NicoYuan1986 commented 2 months ago

reproduce. failed cases:

[2024-06-25T22:22:36.995Z] FAILED testcases/test_compaction.py::TestCompactionOperation::test_compact_after_binary_index - pymilvus.exceptions.MilvusException: <MilvusException: (code=1, message=Handoff after compact and index cost more than 180s)>
[2024-06-25T22:22:36.995Z] FAILED testcases/test_compaction.py::TestCompactionOperation::test_compact_merge_multi_segments - pymilvus.exceptions.MilvusException: <MilvusException: (code=1, message=Compact merge multiple segments more than 180s)>
[2024-06-25T22:22:36.995Z] FAILED testcases/test_compaction.py::TestCompactionOperation::test_compact_during_insert - pymilvus.exceptions.MilvusException: <MilvusException: (code=1, message=Waiting more than 240s for the new segment indexed)>
[2024-06-25T22:22:36.995Z] FAILED testcases/test_compaction.py::TestCompactionOperation::test_compact_merge_two_segments - pymilvus.exceptions.MilvusException: <MilvusException: (code=1, message=Compact merge two segments more than 180s)>
[2024-06-25T22:22:36.995Z] FAILED testcases/test_query.py::TestQueryCount::test_count_compact_merge - assert 2 == 1
[2024-06-25T22:22:36.996Z]  +  where 2 = len([segmentID: 450716539565349536\ncollectionID: 450716539565349525\npartitionID: 450716539565349526\nnum_rows: 100\nstate: Sealed\nnodeIds: 3\n, segmentID: 450716539565349700\ncollectionID: 450716539565349525\npartitionID: 450716539565349526\nnum_rows: 100\nstate: Sealed\nnodeIds: 9\n])
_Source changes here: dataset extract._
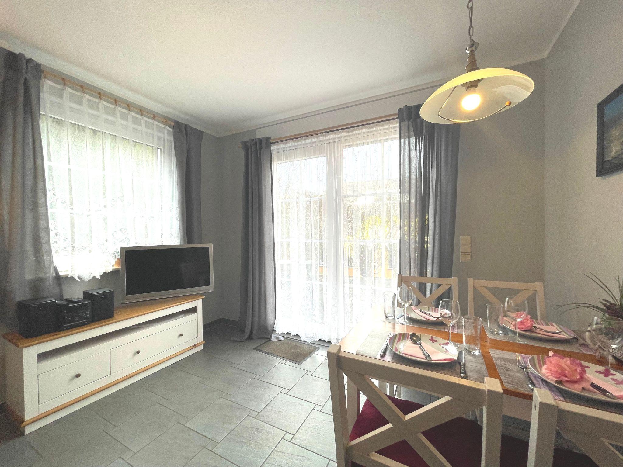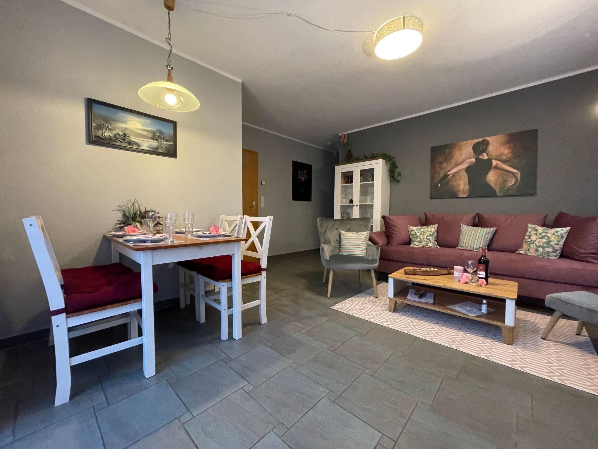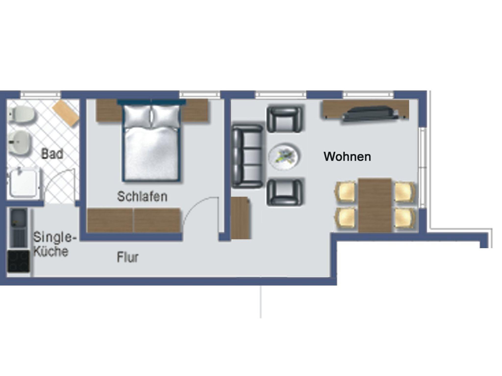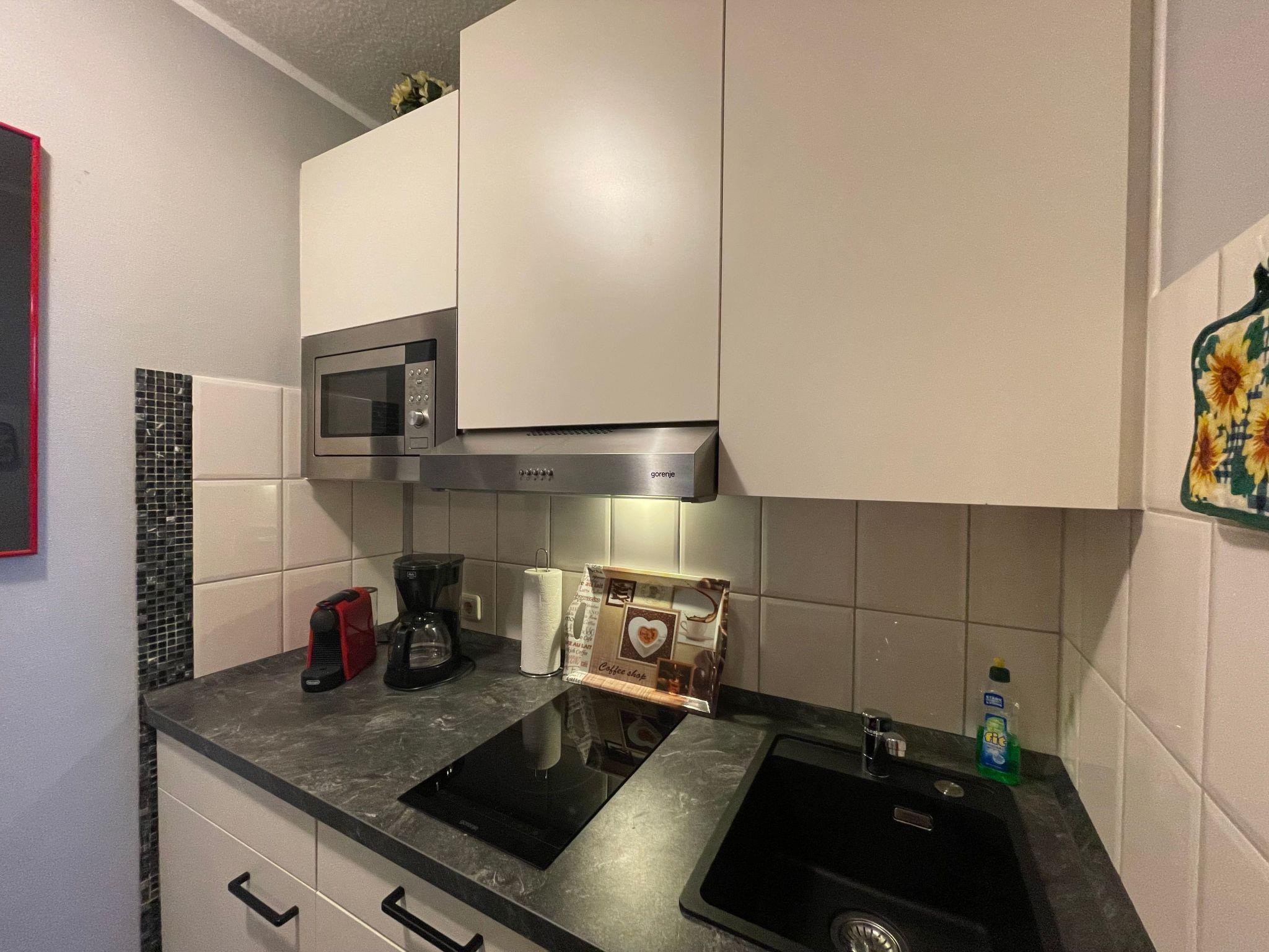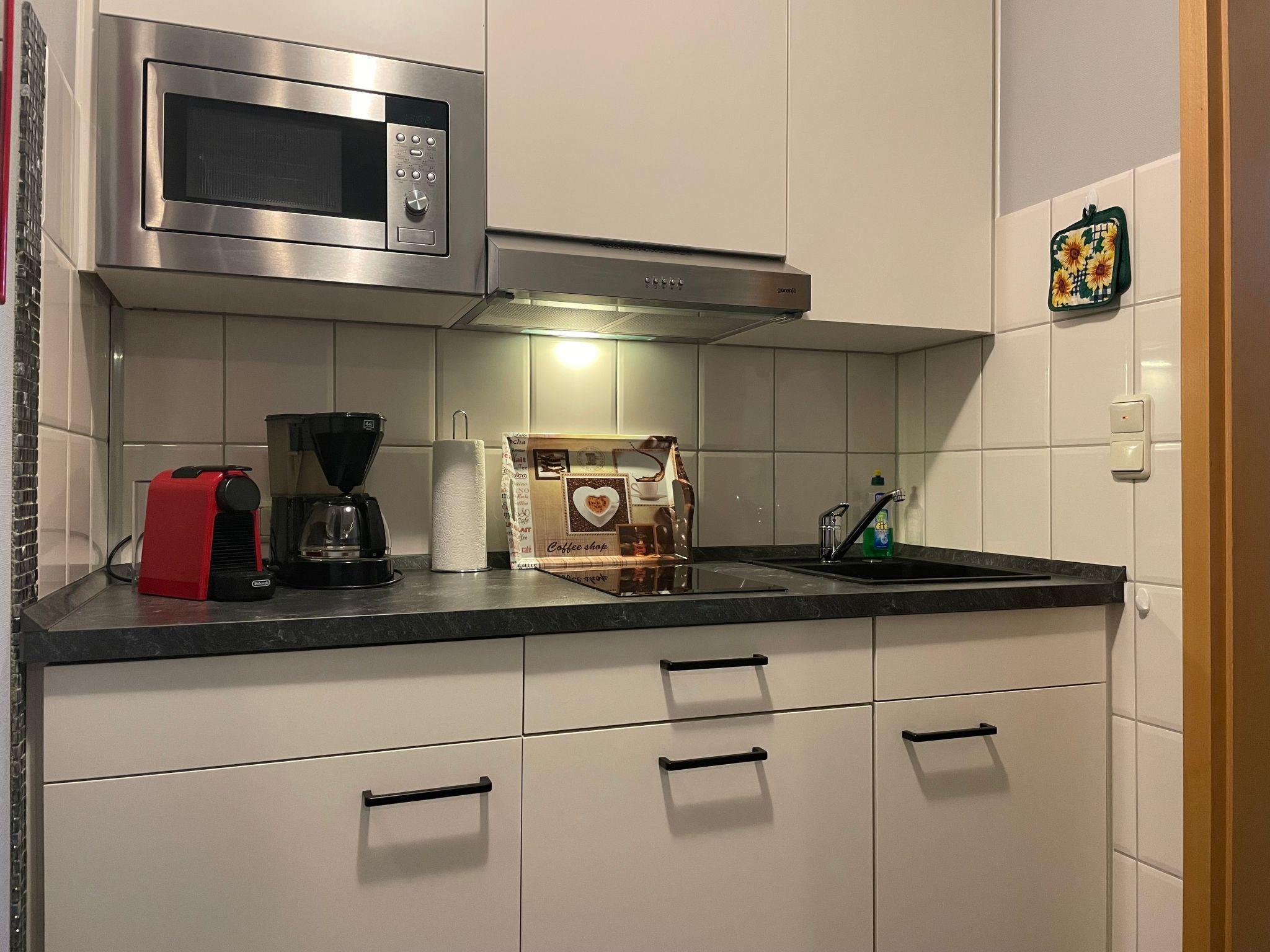 The flat on the ground floor has a bedroom that can be darkened for your undisturbed nights and a bathroom with shower that leaves nothing to be desired. Thanks to the underfloor heating, which is available throughout the flat, there is always a pleasant warmth. The kitchen equipment with a two-ring hob, a filter coffee machine, a capsule coffee machine and a dishwasher offers everything you need to prepare your favourite dishes.

take the case test_compact_during_insert for example:

  1. insert entities into multi segments
  2. start a thread to load and search
  3. compact collection -> timeout
[2024-06-25T22:22:36.962Z]         # waitting for new segment index and compact
[2024-06-25T22:22:36.962Z]         index_cost = 240
[2024-06-25T22:22:36.962Z]         start = time()
[2024-06-25T22:22:36.962Z]         while True:
[2024-06-25T22:22:36.962Z]             sleep(10)
[2024-06-25T22:22:36.962Z]             collection_w.load()
[2024-06-25T22:22:36.962Z]             # new segment compacted
[2024-06-25T22:22:36.962Z]             seg_info = self.utility_wrap.get_query_segment_info(collection_w.name)[0]
[2024-06-25T22:22:36.962Z]             if len(seg_info) == 2:
[2024-06-25T22:22:36.962Z]                 break
[2024-06-25T22:22:36.962Z]             end = time()
[2024-06-25T22:22:36.962Z]             collection_w.release()
[2024-06-25T22:22:36.963Z]             if end - start > index_cost:
[2024-06-25T22:22:36.963Z] >               raise MilvusException(1, f"Waiting more than {index_cost}s for the new segment indexed")
[2024-06-25T22:22:36.963Z] E               pymilvus.exceptions.MilvusException: <MilvusException: (code=1, message=Waiting more than 240s for the new segment indexed)>
  1. link: https://jenkins.milvus.io:18080/blue/organizations/jenkins/Milvus%20Nightly%20CI/detail/2.4/81/pipeline/271/
  2. log: artifacts-milvus-distributed-kafka-nightly-81-pymilvus-e2e-logs.tar.gz
  3. collection name: compact_F0vo8ehh
stale[bot] commented 1 month ago

This issue has been automatically marked as stale because it has not had recent activity. It will be closed if no further activity occurs. Thank you for your contributions. Rotten issues close after 30d of inactivity. Reopen the issue with /reopen.